Celestina sonreía misteriosamente. Ella que era tan pálida, se sonrojaba un poco.
Le mostrábamos el diario, con las fotografías de los desastres. Las guardaba sobre su corazón.
–Celestina, la criminalidad infantil aumenta. Ayer, mientras el señor Ismael Rébora, que usted conoce,
dormía, con la dosis habitual de somnífero, su nieto, Amílcar, de ocho años de edad, con el cuchillo que
utilizaba para sacar punta a los lápices y a las cañas de bambú, le infirió varias heridas mortales. El señor
Ismael Rébora tuvo tiempo de encender la luz para ver como le asestaban la cuarta puñalada y comprobar
que el autor del hecho, no sólo era un niño, sino su nieto, amargura que para él duró la fracción de un
segundo, pero no para su familia, que ocultó el asesinato con éxito, y que tiene que convivir ahora con un
pequeño criminal que asesinará con el tiempo al resto de la familia.
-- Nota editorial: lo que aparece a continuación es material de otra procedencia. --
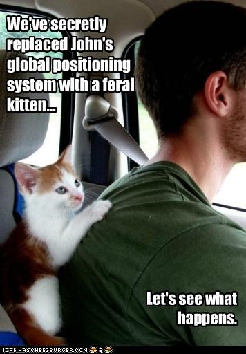 We've secretly replaced John's global positioning system with a feral kitten... Let's see what happens.

Durante horas fue amable, bondadosa, alegre, casi bonita; tarareaba una canción española, que
expresaba claramente su regocijo.
Celestina podía vivir en carne propia las malas noticias.
–Esta casa está incendiándose –le dijeron un día–. Los bomberos ya están al pie del edificio, tratando de
apagar el incendio. No, no es una broma. De los grifos, en vez de agua, salen llamas. No podemos
salvarnos, porque la escalera que da al pasillo de la puerta de calle está ardiendo y la de servicio está
obstruida por los tirantes de madera que cayeron. De cada ventana se asoma el fuego, con sus ojos de
anguila eléctrica.
Celestina, reconfortada con la mala noticia, se salvó del incendio sin una quemadura. Los otros inquilinos
de la casa murieron o se salvaron con quemaduras de tercer grado.
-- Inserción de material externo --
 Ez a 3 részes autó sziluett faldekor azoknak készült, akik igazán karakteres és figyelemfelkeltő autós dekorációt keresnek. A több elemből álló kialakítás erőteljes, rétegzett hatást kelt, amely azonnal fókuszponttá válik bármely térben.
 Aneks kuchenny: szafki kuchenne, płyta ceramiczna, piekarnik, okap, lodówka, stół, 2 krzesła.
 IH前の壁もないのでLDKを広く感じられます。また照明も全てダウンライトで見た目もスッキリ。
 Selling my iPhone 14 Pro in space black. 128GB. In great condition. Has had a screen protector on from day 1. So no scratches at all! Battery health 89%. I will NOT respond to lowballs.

A veces, por increíble que parezca, no hay malas noticias en los diarios. Es difícil, pero sucede. Entonces,
hay que inventar crímenes, asaltos, muertes sobrenaturales, pestes, movimientos sísmicos, naufragios,
accidentes de aviación o de tren, pero estas invenciones no satisfacen a Celestina. Mira con cara incrédula
a su interlocutor.
Y llegó un día en que tuvimos sólo buenas noticias, y la imposibilidad de inventar malas noticias.
–¿Buenas noticias? No hay que dárselas –dije, pues me había encariñado con Celestina.
–Por pocas que sean, le harán daño –protesté–. Es capaz de cualquier cosa.
Nos secreteábamos en las puertas. ¡Aquel último accidente, horrible, que yo le había anunciado, la dejó
tan contenta! Fui personalmente a ver el tren descarrilado, a revisar los vagones en busca de un mechón
de pelo, de un brazo mutilado para describírselo.
Como si hubiera presentido que estábamos preparándole una emboscada, nos llamó.
Celestina palideció, pero creyó que se trataba de una broma. El sillón de mimbre donde estaba sentada,
crujió debajo de su falda oscura.
–Pues, no, Celestina. Los diarios están llenos de buenas noticias –dijo Ana, con los ojos brillantes–. De
acuerdo con las estadísticas, se han podido combatir eficazmente las peores enfermedades.
–Son cuentos –musitó Celestina–. ¿Y tú, con esa carita triste, qué noticia me traes? –me dijo débilmente,
con una última esperanza.
Esas voces agrias, anunciando noticias alegres, no auguraban nada bueno. Celestina cayó muerta.